Thoughtful writing authored and shared by members of of the Thinking Collaborative community to support others on the journey.
Sustaining the Journey
Understand and Agree on Roles
September 20, 2016
Meetings with clear delineation of roles are generally better run meetings. The most important role is that of the engaged participant. Setting this expectation by naming it invites all members to feel valued even when status issues may be present. It also creates a norm for active participation rather than a passive stance. When all members see themselves as contributors, interdependence and trust develops.
Another role is that of facilitator. The facilitator manages process, time, and energy for the group and remains neutral. If the facilitator needs to participate at any time, s/he should signal the role change to an engaged participant. Generally, that change should be avoided if possible as it can cause the group to question the neutrality of the facilitator.

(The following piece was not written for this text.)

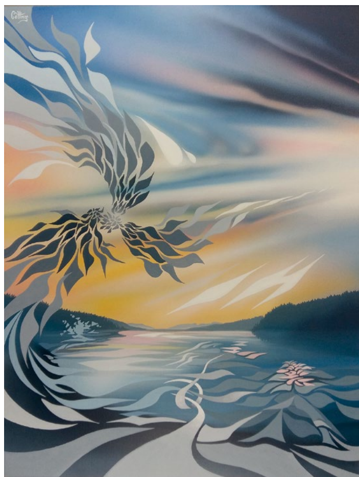
Les larmes du temps, peinture sur toile, 65 x 50 cm

The recorder keeps a public record of the group’s work and is there to serve the facilitator. S/he does not make eye contact with the group, instead looking only at the chart or the facilitator for direction. The facilitator will paraphrase and the recorder writes the paraphrase after the participant signs off. The recorder should follow the principles of quality charting so that charts are legible and easy to read.
Finally, the group may have a person of role or knowledge authority, meaning a person with a title, such as principal, or a high level of expertise on the topic at hand. That person usually should not be the facilitator as the group needs the person’s thinking.
How are your group’s clarifying and implementing these roles? How might they enhance the success of your meetings?